**WHAT YOU HAVE TO DO**
For this listing, the lines between the one holding "ライトグレーの3連ビーズネックレス/フロストドーナツ付き" and the one holding "A beautiful Red", inclusive, must be set down exactly.

**RECORDS SHOWN**
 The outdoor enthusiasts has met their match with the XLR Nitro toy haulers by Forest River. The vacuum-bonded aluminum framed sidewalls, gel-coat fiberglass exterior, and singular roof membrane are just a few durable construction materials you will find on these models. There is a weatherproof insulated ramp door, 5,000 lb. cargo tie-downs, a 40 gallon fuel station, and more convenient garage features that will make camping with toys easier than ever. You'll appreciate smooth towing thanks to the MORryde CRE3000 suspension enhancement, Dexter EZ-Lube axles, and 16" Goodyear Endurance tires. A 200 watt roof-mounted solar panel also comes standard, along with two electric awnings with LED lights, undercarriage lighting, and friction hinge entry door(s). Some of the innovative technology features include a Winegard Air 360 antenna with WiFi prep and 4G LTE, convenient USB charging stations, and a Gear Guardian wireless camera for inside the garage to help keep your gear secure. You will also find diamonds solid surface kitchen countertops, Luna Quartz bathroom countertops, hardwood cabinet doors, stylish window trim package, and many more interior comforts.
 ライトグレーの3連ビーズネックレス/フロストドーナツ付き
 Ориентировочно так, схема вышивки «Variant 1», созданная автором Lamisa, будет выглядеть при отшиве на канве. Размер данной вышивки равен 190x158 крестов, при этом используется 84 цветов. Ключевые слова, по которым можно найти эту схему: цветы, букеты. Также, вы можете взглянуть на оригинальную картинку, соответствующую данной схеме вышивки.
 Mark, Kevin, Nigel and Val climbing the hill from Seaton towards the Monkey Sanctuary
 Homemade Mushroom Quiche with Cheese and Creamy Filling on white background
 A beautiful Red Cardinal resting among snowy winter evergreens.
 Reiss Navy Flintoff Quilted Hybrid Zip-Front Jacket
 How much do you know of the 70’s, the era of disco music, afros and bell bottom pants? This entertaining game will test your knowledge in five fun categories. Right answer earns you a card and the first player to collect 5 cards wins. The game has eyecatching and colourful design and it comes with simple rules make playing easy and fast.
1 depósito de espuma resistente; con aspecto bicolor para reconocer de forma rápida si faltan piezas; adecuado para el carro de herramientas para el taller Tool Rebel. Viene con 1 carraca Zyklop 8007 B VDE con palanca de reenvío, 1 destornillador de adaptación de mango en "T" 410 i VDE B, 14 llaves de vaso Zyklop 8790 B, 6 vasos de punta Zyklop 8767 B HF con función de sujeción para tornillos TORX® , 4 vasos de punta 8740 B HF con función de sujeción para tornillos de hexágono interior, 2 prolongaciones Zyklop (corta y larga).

**YOUR SOLUTION**
 ライトグレーの3連ビーズネックレス/フロストドーナツ付き
 Ориентировочно так, схема вышивки «Variant 1», созданная автором Lamisa, будет выглядеть при отшиве на канве. Размер данной вышивки равен 190x158 крестов, при этом используется 84 цветов. Ключевые слова, по которым можно найти эту схему: цветы, букеты. Также, вы можете взглянуть на оригинальную картинку, соответствующую данной схеме вышивки.
 Mark, Kevin, Nigel and Val climbing the hill from Seaton towards the Monkey Sanctuary
 Homemade Mushroom Quiche with Cheese and Creamy Filling on white background
 A beautiful Red Cardinal resting among snowy winter evergreens.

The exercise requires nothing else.